(Stored entries)
+++++

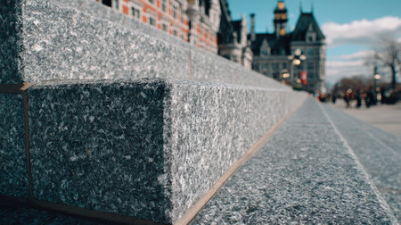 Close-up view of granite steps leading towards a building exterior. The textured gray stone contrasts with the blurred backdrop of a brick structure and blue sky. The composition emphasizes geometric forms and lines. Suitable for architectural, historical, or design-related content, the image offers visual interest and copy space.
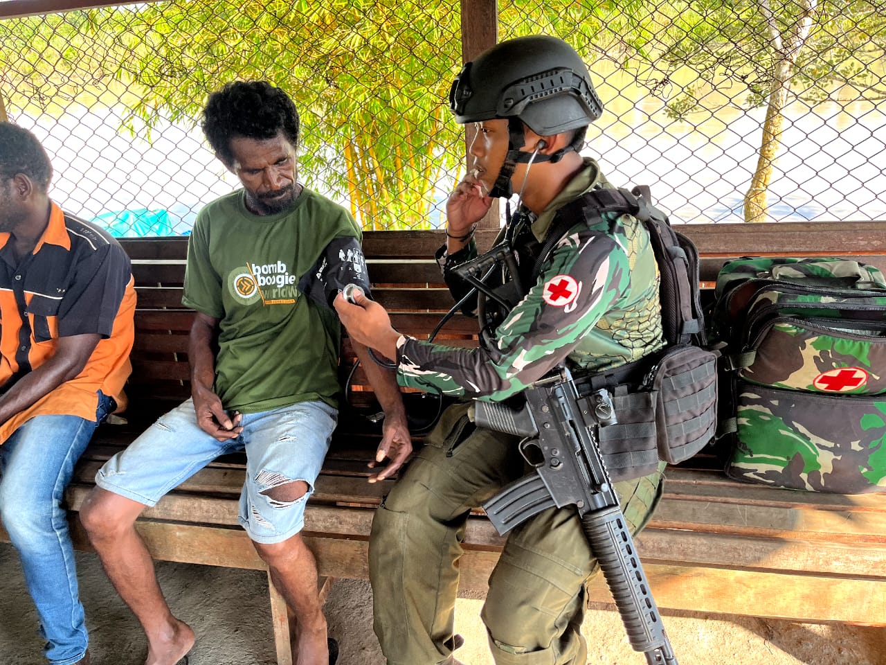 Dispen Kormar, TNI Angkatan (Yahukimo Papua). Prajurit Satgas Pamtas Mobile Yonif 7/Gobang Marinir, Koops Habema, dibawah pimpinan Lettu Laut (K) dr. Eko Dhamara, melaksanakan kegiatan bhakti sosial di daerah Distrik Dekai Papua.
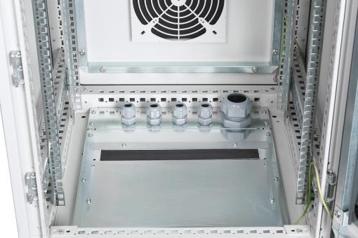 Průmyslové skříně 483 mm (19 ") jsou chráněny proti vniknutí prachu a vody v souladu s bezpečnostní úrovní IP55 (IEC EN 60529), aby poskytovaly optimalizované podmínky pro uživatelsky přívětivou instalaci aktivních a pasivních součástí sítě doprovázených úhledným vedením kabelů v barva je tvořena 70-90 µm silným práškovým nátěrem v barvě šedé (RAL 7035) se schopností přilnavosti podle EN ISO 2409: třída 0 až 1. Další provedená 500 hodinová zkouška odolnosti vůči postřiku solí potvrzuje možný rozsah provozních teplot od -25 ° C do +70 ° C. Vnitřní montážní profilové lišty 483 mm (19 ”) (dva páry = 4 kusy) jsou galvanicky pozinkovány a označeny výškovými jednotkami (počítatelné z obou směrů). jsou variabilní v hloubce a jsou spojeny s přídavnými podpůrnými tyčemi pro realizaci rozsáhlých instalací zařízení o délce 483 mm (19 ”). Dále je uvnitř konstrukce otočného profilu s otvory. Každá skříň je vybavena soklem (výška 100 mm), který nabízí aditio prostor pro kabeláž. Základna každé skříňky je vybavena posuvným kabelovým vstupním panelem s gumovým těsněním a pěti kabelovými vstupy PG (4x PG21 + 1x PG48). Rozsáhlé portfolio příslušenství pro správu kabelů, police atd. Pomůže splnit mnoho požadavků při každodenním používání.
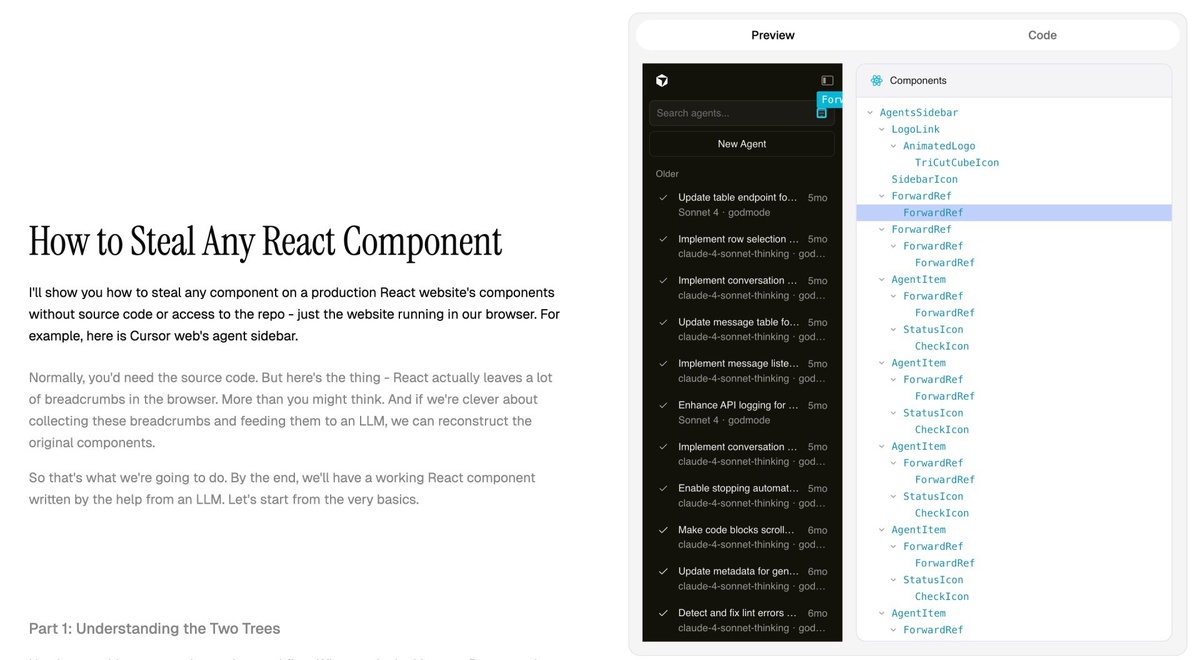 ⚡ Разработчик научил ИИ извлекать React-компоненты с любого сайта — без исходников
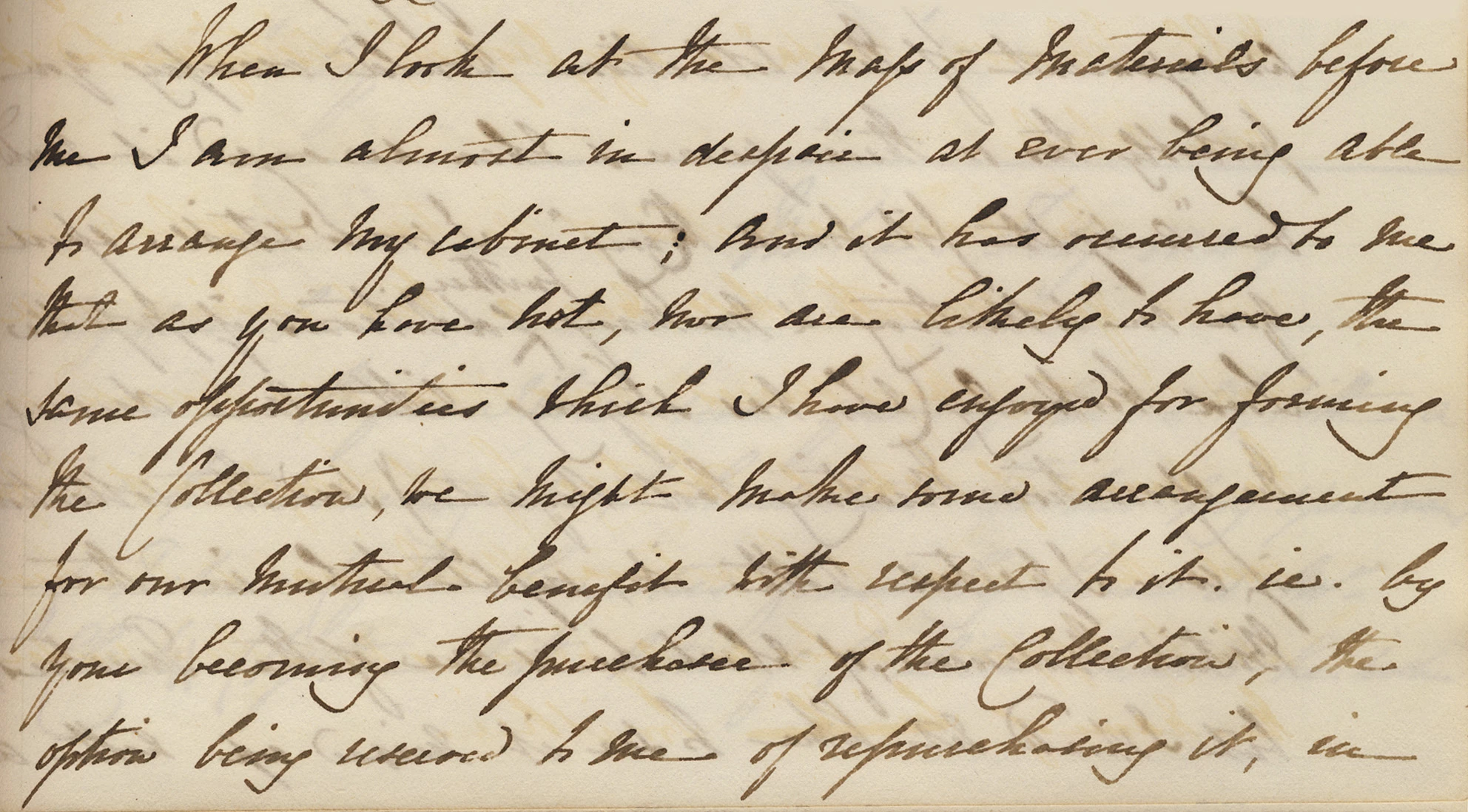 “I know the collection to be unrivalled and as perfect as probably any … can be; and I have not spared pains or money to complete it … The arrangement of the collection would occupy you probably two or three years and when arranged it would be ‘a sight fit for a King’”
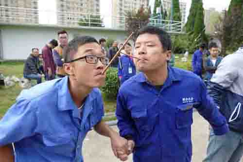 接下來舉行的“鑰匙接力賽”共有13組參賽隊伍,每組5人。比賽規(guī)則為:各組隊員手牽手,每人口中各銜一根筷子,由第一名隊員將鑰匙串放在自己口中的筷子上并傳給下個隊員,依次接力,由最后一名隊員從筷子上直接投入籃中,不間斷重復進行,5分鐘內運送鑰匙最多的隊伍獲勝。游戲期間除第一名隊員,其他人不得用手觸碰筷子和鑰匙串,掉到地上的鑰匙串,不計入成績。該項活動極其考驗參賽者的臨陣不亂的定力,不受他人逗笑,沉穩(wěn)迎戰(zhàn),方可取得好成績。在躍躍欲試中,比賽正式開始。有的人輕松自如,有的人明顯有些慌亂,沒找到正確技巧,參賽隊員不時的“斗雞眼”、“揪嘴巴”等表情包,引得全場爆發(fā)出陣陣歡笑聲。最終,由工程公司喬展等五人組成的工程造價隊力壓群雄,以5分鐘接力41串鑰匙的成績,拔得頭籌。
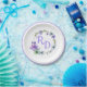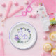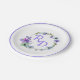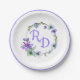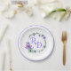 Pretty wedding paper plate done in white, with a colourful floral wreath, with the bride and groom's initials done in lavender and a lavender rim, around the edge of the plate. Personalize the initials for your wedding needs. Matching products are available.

+++++

Every line in the data above needs to be given again exactly, pictures aside.

 Close-up view of granite steps leading towards a building exterior. The textured gray stone contrasts with the blurred backdrop of a brick structure and blue sky. The composition emphasizes geometric forms and lines. Suitable for architectural, historical, or design-related content, the image offers visual interest and copy space.
 Dispen Kormar, TNI Angkatan (Yahukimo Papua). Prajurit Satgas Pamtas Mobile Yonif 7/Gobang Marinir, Koops Habema, dibawah pimpinan Lettu Laut (K) dr. Eko Dhamara, melaksanakan kegiatan bhakti sosial di daerah Distrik Dekai Papua.
 Průmyslové skříně 483 mm (19 ") jsou chráněny proti vniknutí prachu a vody v souladu s bezpečnostní úrovní IP55 (IEC EN 60529), aby poskytovaly optimalizované podmínky pro uživatelsky přívětivou instalaci aktivních a pasivních součástí sítě doprovázených úhledným vedením kabelů v barva je tvořena 70-90 µm silným práškovým nátěrem v barvě šedé (RAL 7035) se schopností přilnavosti podle EN ISO 2409: třída 0 až 1. Další provedená 500 hodinová zkouška odolnosti vůči postřiku solí potvrzuje možný rozsah provozních teplot od -25 ° C do +70 ° C. Vnitřní montážní profilové lišty 483 mm (19 ”) (dva páry = 4 kusy) jsou galvanicky pozinkovány a označeny výškovými jednotkami (počítatelné z obou směrů). jsou variabilní v hloubce a jsou spojeny s přídavnými podpůrnými tyčemi pro realizaci rozsáhlých instalací zařízení o délce 483 mm (19 ”). Dále je uvnitř konstrukce otočného profilu s otvory. Každá skříň je vybavena soklem (výška 100 mm), který nabízí aditio prostor pro kabeláž. Základna každé skříňky je vybavena posuvným kabelovým vstupním panelem s gumovým těsněním a pěti kabelovými vstupy PG (4x PG21 + 1x PG48). Rozsáhlé portfolio příslušenství pro správu kabelů, police atd. Pomůže splnit mnoho požadavků při každodenním používání.
 ⚡ Разработчик научил ИИ извлекать React-компоненты с любого сайта — без исходников
 “I know the collection to be unrivalled and as perfect as probably any … can be; and I have not spared pains or money to complete it … The arrangement of the collection would occupy you probably two or three years and when arranged it would be ‘a sight fit for a King’”
 接下來舉行的“鑰匙接力賽”共有13組參賽隊伍,每組5人。比賽規(guī)則為:各組隊員手牽手,每人口中各銜一根筷子,由第一名隊員將鑰匙串放在自己口中的筷子上并傳給下個隊員,依次接力,由最后一名隊員從筷子上直接投入籃中,不間斷重復進行,5分鐘內運送鑰匙最多的隊伍獲勝。游戲期間除第一名隊員,其他人不得用手觸碰筷子和鑰匙串,掉到地上的鑰匙串,不計入成績。該項活動極其考驗參賽者的臨陣不亂的定力,不受他人逗笑,沉穩(wěn)迎戰(zhàn),方可取得好成績。在躍躍欲試中,比賽正式開始。有的人輕松自如,有的人明顯有些慌亂,沒找到正確技巧,參賽隊員不時的“斗雞眼”、“揪嘴巴”等表情包,引得全場爆發(fā)出陣陣歡笑聲。最終,由工程公司喬展等五人組成的工程造價隊力壓群雄,以5分鐘接力41串鑰匙的成績,拔得頭籌。
 Pretty wedding paper plate done in white, with a colourful floral wreath, with the bride and groom's initials done in lavender and a lavender rim, around the edge of the plate. Personalize the initials for your wedding needs. Matching products are available.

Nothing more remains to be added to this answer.